■ **ABOUT THIS TASK**
Write out, from the entries below, exactly the lines that run between the lines holding "Jag smälte och" and "회색 바위 위에 덩그러니 놓인 무지개색 우산 하나가", inclusive, and stop there.

==== AVAILABLE RECORDS

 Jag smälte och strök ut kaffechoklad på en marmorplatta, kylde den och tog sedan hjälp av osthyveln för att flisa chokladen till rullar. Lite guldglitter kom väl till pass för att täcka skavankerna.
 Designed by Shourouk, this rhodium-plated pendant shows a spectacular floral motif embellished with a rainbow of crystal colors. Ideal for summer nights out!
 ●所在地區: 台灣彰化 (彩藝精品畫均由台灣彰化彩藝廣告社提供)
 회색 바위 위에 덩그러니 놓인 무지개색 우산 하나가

========
==== AVAILABLE RECORDS

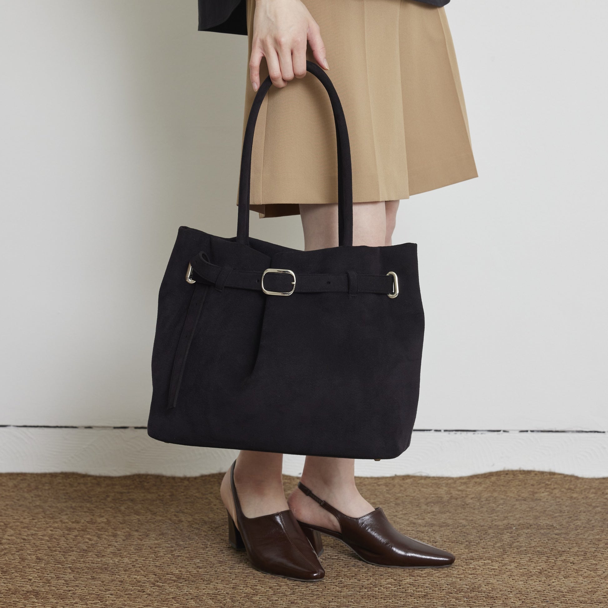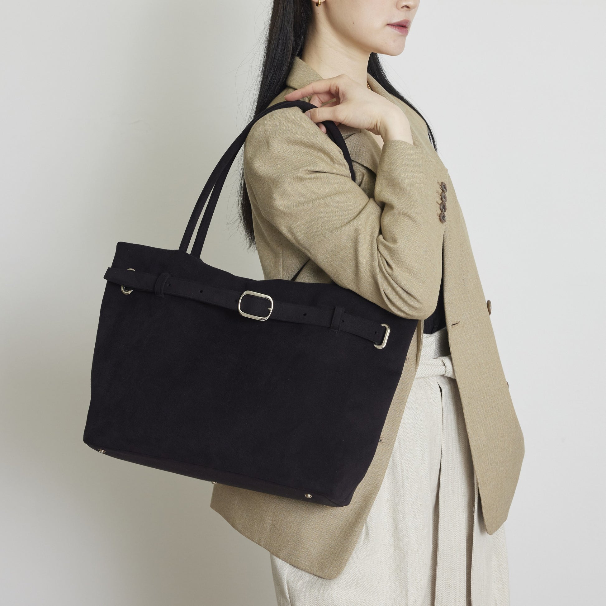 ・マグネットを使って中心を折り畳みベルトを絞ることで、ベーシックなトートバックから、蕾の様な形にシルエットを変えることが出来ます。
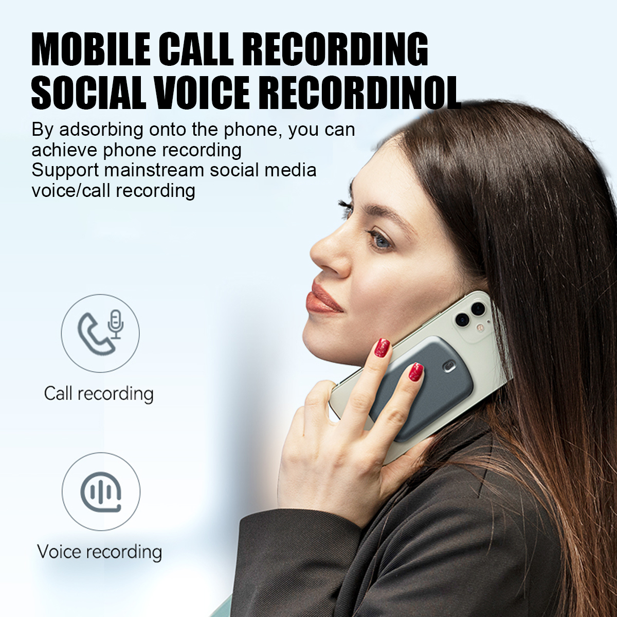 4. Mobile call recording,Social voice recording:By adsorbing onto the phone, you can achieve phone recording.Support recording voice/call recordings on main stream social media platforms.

========
==== AVAILABLE RECORDS

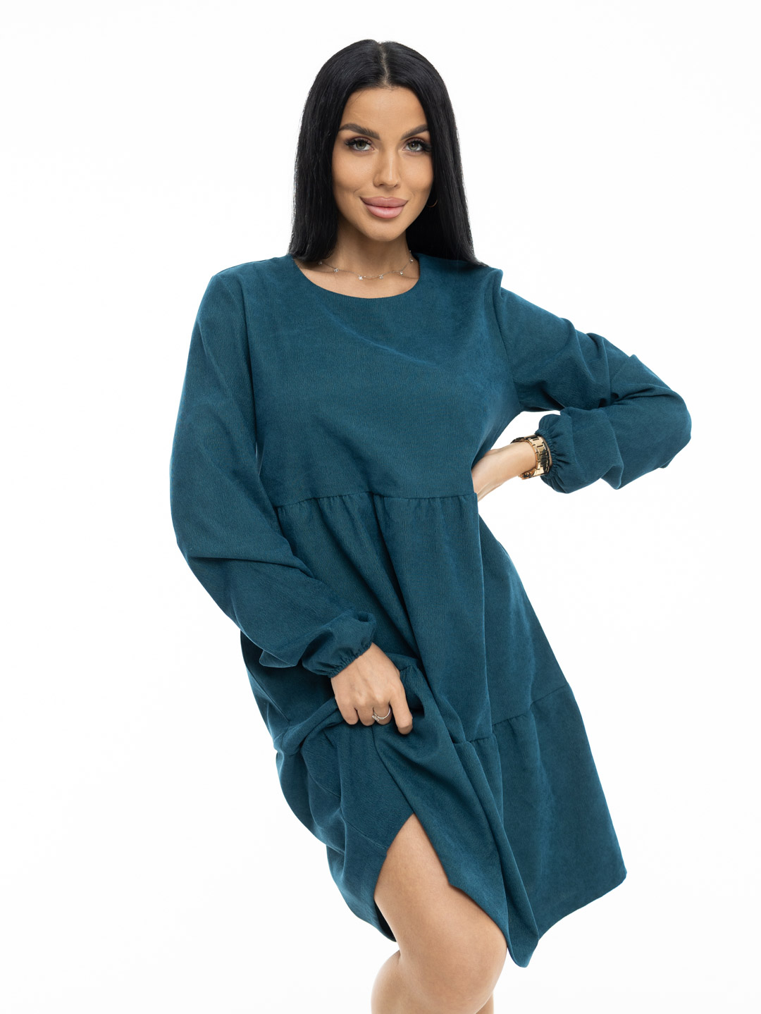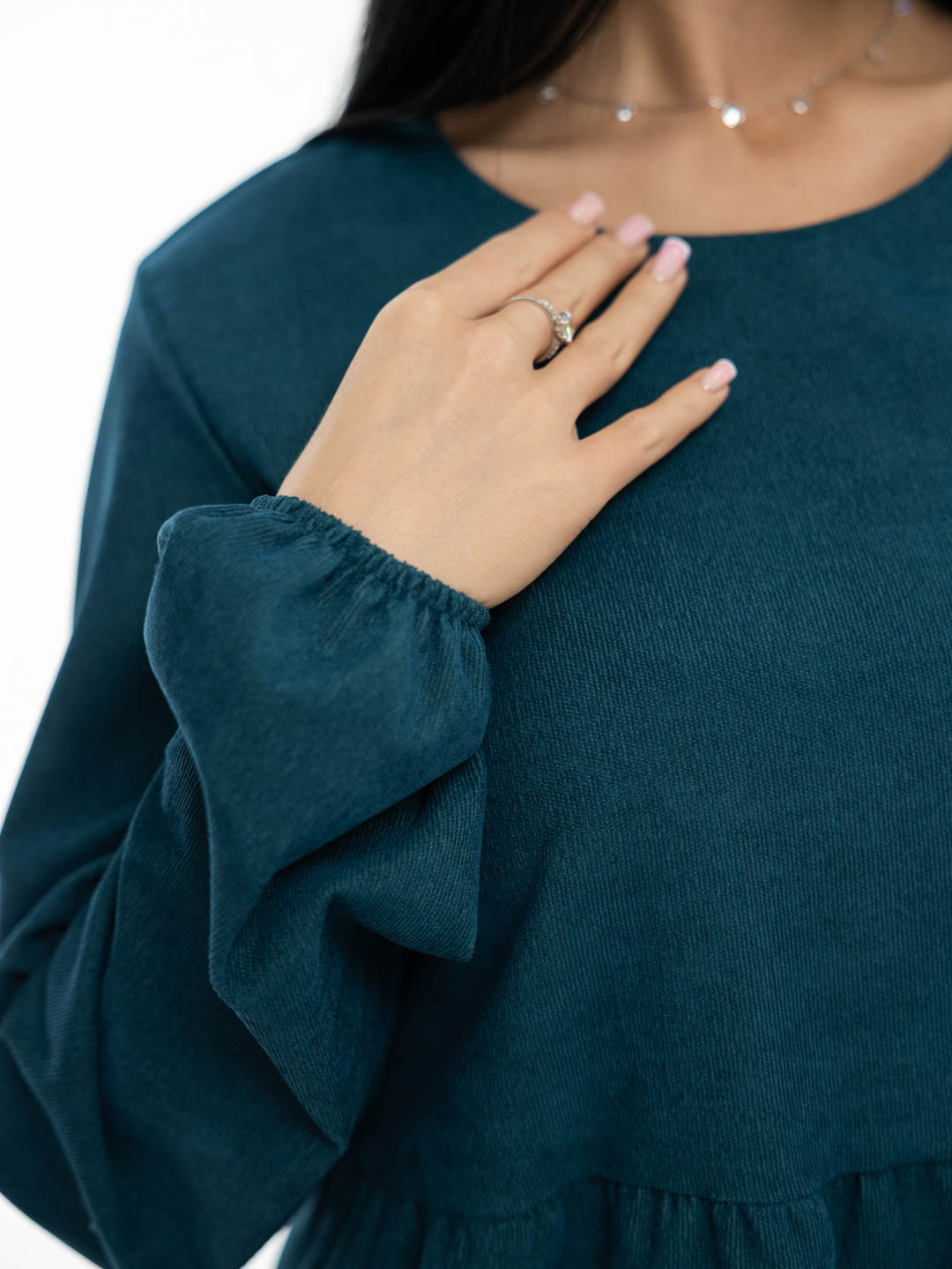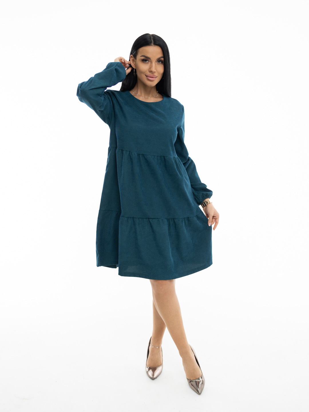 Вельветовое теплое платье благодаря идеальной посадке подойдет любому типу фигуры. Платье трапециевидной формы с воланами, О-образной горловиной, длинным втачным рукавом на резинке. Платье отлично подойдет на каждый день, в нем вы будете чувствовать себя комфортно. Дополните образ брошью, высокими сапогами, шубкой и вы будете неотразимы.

========

■ **SOLVED EXERCISE**
 Jag smälte och strök ut kaffechoklad på en marmorplatta, kylde den och tog sedan hjälp av osthyveln för att flisa chokladen till rullar. Lite guldglitter kom väl till pass för att täcka skavankerna.
 Designed by Shourouk, this rhodium-plated pendant shows a spectacular floral motif embellished with a rainbow of crystal colors. Ideal for summer nights out!
 ●所在地區: 台灣彰化 (彩藝精品畫均由台灣彰化彩藝廣告社提供)
 회색 바위 위에 덩그러니 놓인 무지개색 우산 하나가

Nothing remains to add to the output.